Right after Devil's Doorway Mann did Winchester 73 and a whole slew of films with James Stewart, mostly westerns and well received ones at that. Devil's Doorway should be grouped with those films as well as a cinema classic. My guess is that it is because Mann never did another film with Robert Taylor. If anyone knows why, please let me know.
Robert Taylor gives one of his best screen performances as Lance Poole, Union Army veteran and Congressional Medal of Honor winner and full blooded Shoshoni Indian. He's returned to his ranch in Wyoming hoping to pick up the pieces of his civilian life. Taylor has bought into the ideals of the Civil War. He in fact went to war to free another group of people from slavery.
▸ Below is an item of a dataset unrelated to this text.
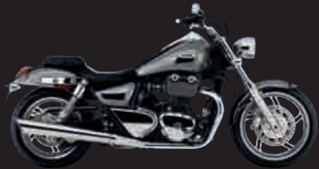
ALUMINIUM SILVER WITH JET BLACK STRIPE

It's one big disillusioning process as he discovers that Indians need not apply for a piece of the American dream. The Homestead Act which Abraham Lincoln signed during the Civil War specifically excludes Indians from its provisions.
Louis Calhern portrays one of the most loathsome villains of his career as Verne Coolan, a lawyer who apparently for no other reason than his own hatred of the red man, stirs up hatred and resentment against Taylor and the Shoshonis. He brings in sheepherders to homestead in the valley that Poole has his ranch on, knowing full well it will be the start of a range war with racial overtones. The entrance to Taylor's valley is known as the Devil's Doorway.
Calhern has an equally loathsome henchman played by James Millican who starts a bar fight that Taylor finishes. It's a brutal one, ranking right up there with the one in The Treasure of the Sierra Madre.
Other noteworthy performances are by Edgar Buchanan as the town marshal who is torn between his friendship for Taylor and the discriminatory law he's sworn to enforce. Also Paula Raymond and Spring Byington as a female attorney and her mother, quite radical in those days. Although overtly Taylor and Raymond have a business relationship, there is a gleam in Raymond's eyes whenever Taylor's around.
Oddly enough six years later Taylor saw cinematically how the other half lived when in The Last Hunt he played buffalo hunter Charlie Gilson who had a hate for the Indian the equal of Calhern's here.
Although Broken Arrow got all the acclaim and deserved it, it is a pity that Devil's Doorway did not get more attention. Catch this very special film whenever it is broadcast.